Required work: Your answer must repeat all of the entries word for word, without any images.

Supplied material:

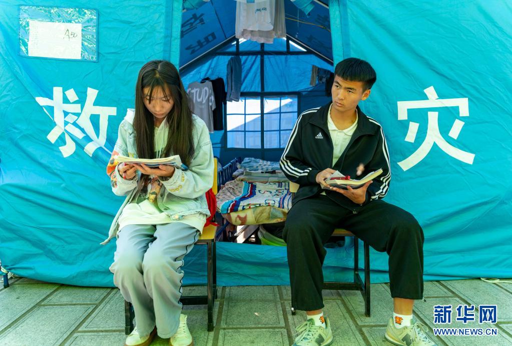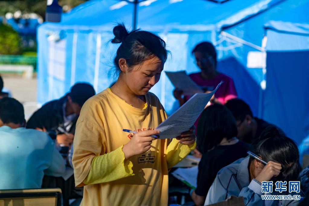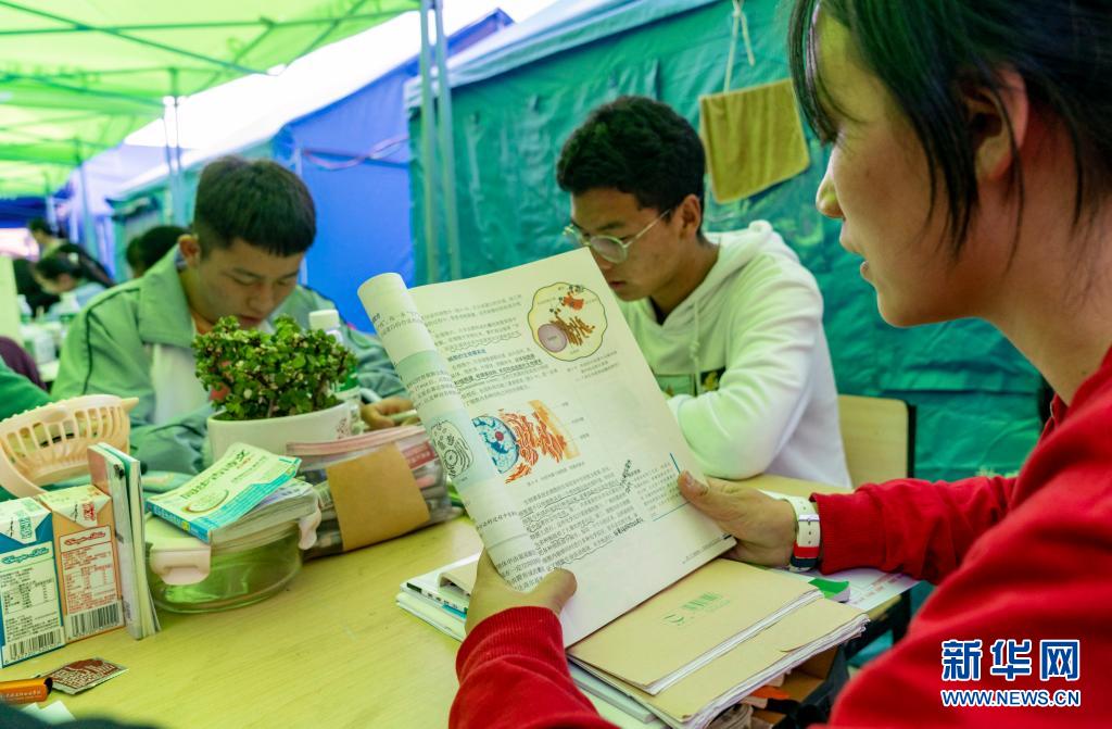 5月24日,漾濞一中高三年級(jí)學(xué)生在帳篷下學(xué)習(xí)。新華社記者胡超攝
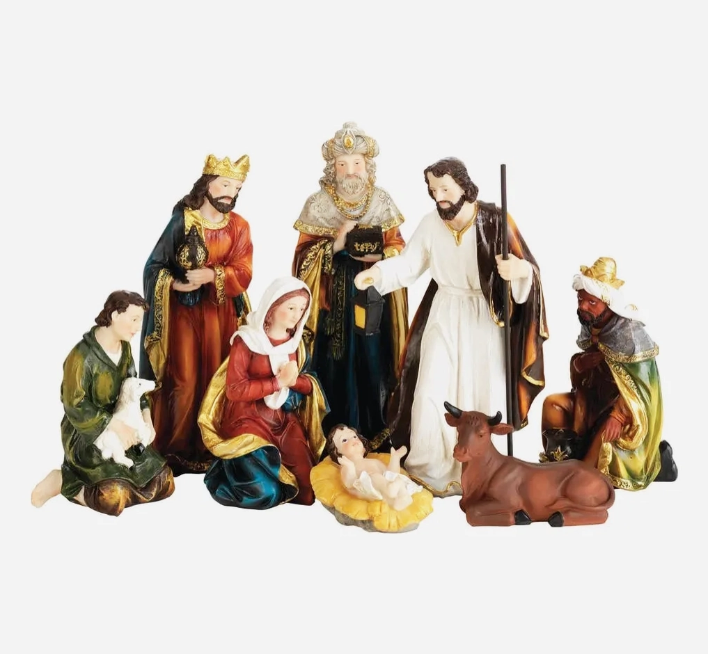 This traditional eight-piece nativity set is distinctive in the beautiful folds of the clothing, along with ornamental gold accents.
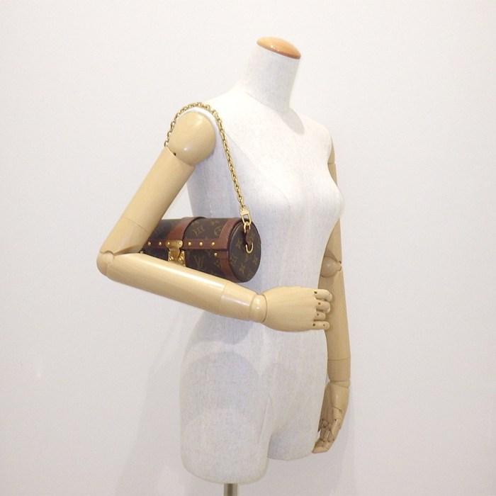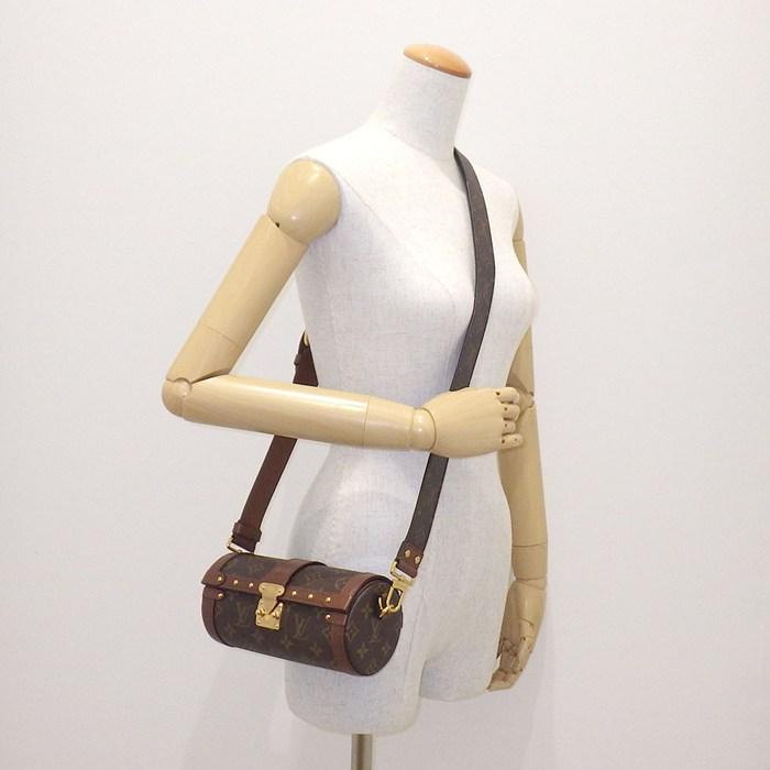 ■商品名パピヨン トランク M57835 PVCコーティング モノグラムキャンバス ブラウン カウハイドレザー ゴールド金具 【中古】
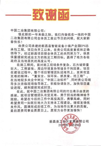 12月28日,路橋公司收到新昌縣工業區發展有限公司發來的致謝函,對中國二冶承建的新昌縣智能裝備小鎮產業園EPC總承包工程中的付出表示感謝。
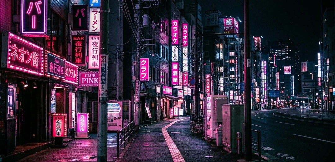 ここは夜の繁華街。ピンク色のネオンが繁華街を照らしている
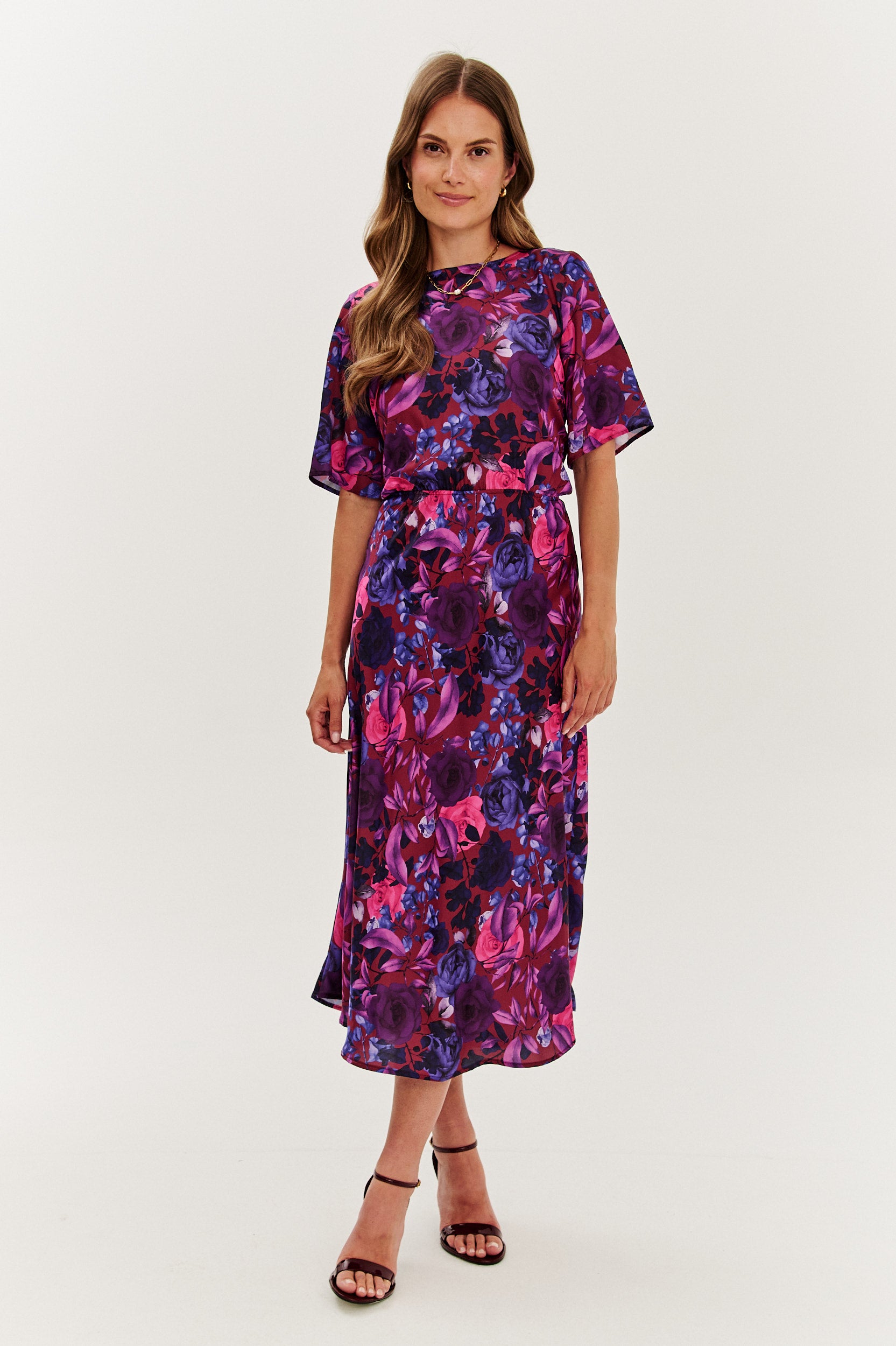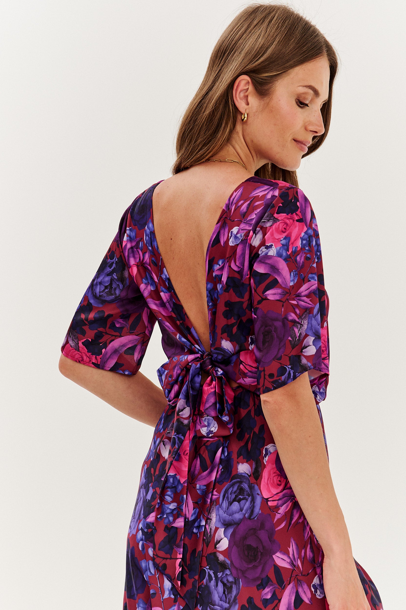 Sukienka midi dwustronna Rosabella to idealny balans między elegancją a modowym pazurem. Głęboki, kwiatowy print w odcieniach fioletu, fuksji i granatu tworzy efekt wow, a satynowy materiał pięknie odbija światło. Jej największy atut? Możesz ją nosić na dwa sposoby – z dekoltem z przodu i ozdobnym wiązaniem albo bardziej klasycznie, z łagodnym wykończeniem pod szyję.
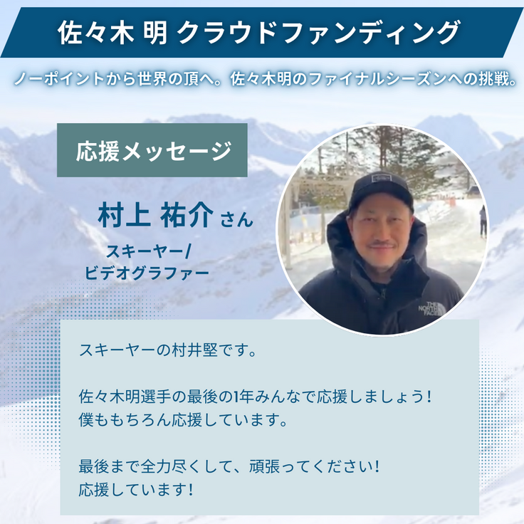 応援メッセージ:スキーヤー/ビデオグラファー 村上 祐介様

Exercise result:
 5月24日,漾濞一中高三年級(jí)學(xué)生在帳篷下學(xué)習(xí)。新華社記者胡超攝
 This traditional eight-piece nativity set is distinctive in the beautiful folds of the clothing, along with ornamental gold accents.
 ■商品名パピヨン トランク M57835 PVCコーティング モノグラムキャンバス ブラウン カウハイドレザー ゴールド金具 【中古】
 12月28日,路橋公司收到新昌縣工業區發展有限公司發來的致謝函,對中國二冶承建的新昌縣智能裝備小鎮產業園EPC總承包工程中的付出表示感謝。
 ここは夜の繁華街。ピンク色のネオンが繁華街を照らしている
 Sukienka midi dwustronna Rosabella to idealny balans między elegancją a modowym pazurem. Głęboki, kwiatowy print w odcieniach fioletu, fuksji i granatu tworzy efekt wow, a satynowy materiał pięknie odbija światło. Jej największy atut? Możesz ją nosić na dwa sposoby – z dekoltem z przodu i ozdobnym wiązaniem albo bardziej klasycznie, z łagodnym wykończeniem pod szyję.
 応援メッセージ:スキーヤー/ビデオグラファー 村上 祐介様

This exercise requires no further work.